What you’ve written for (1) isn’t quite right. Suppose that $a=\sqrt2$ and $b=\sqrt2+1$; then $[a,b]\cap\Bbb Q$ has neither a maximum nor a minimum element, since $a$ and $b$ are irrational. In any case you’re working much too hard. Why not just take $A=[0,1]$? Then $\min A=0$, $\max A=1$, and since $\frac1n\in A$ for every $n\in\Bbb Z^+$, $A$ is clearly infinite.

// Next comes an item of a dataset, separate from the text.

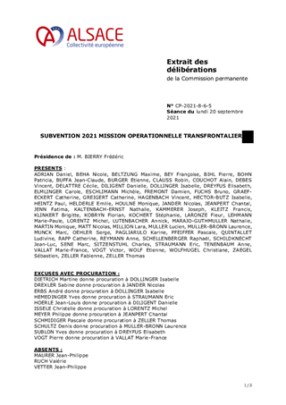 SUBVENTION 2021 MISSION OPERATIONNELLE TRANSFRONTALIERE
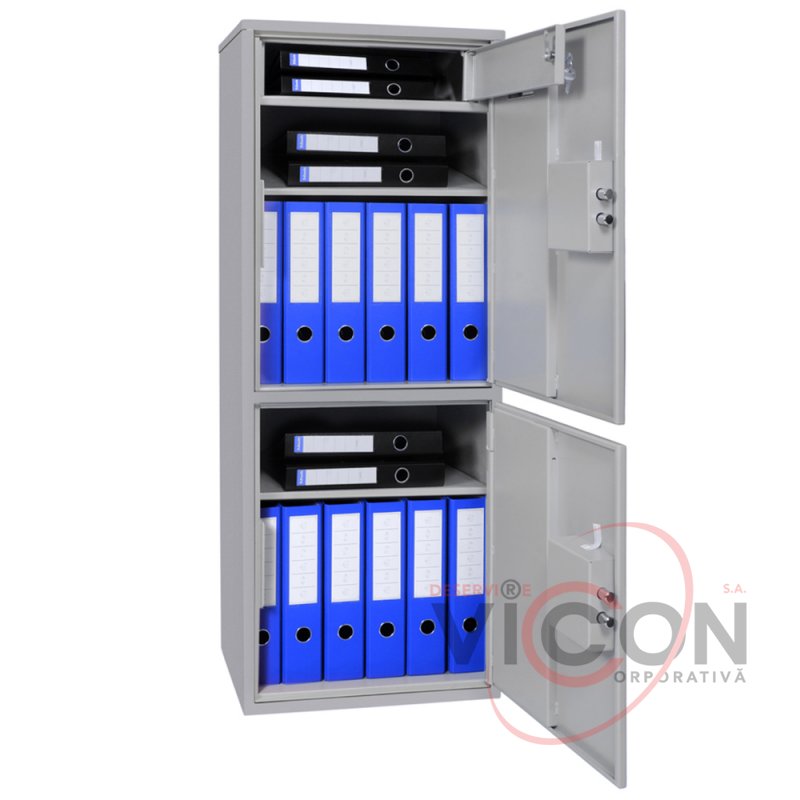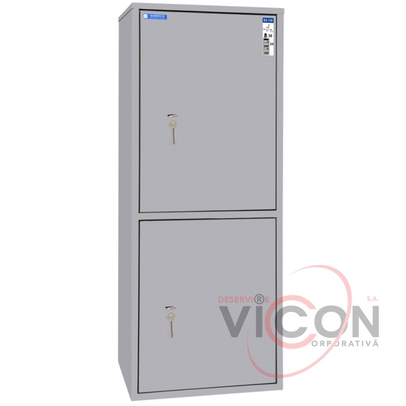 Сейфы серии В с толщиной металла двери 3 мм оборудованы парой стальных ригелей, полкой и кассой, ключевым сувальдным замком.

(2) is okay, though again you’re working harder than necessary: just take $A=\{0\}$, say. Then $\max A=0$ certainly exists, and $A$ is certainly finite!

(4) is fine.

(3) is almost true: it’s true if $A$ is non-empty. One way to prove it is to show that if $A$ does not have a maximum (resp. minimum) element, then $A$ is not finite. Suppose that $A$ has no maximum element. Then there is some $a_1\in A$ such that $a_1\ge 1$. Given $a_1,\dots,a_n\in A$, there is an $a_{n+1}\in A$ such that $a_{n+1}\ge\max\{\dots\text{what?}\dots\}$, and in this manner we recursively build an infinite subset of $A$.

I deliberately avoided the argument that if $A\ne\varnothing$ is finite, we can simply index it as $\{a_1,\dots,a_n\}$ for some $n\in\Bbb Z^+$ in such a way that $a_1<\ldots<a_n$; depending on just how rigorous you want to be, this might feel like hand-waving. You could, however, legimitately say that $A=\{a_1,\dots,a_n\}$ for some enumeration and then argue as follows. Let $b_1=a_1$. If $n>1$, let $b_2=\min\{b_1,a_2\}$. In general, given $b_k$ for some $k<n$, let $b_{k+1}=\min\{b_k,a_{k+1}\}$. An easy induction shows that for each $k\le n$ we have $b_k\le a_i$ for $i=1\dots,k$, so in particular $b_n\le a_i$ for $i=1,\dots,n$, and therefore $b_n=\min A$. A similar argument shows that $\max A$ exists.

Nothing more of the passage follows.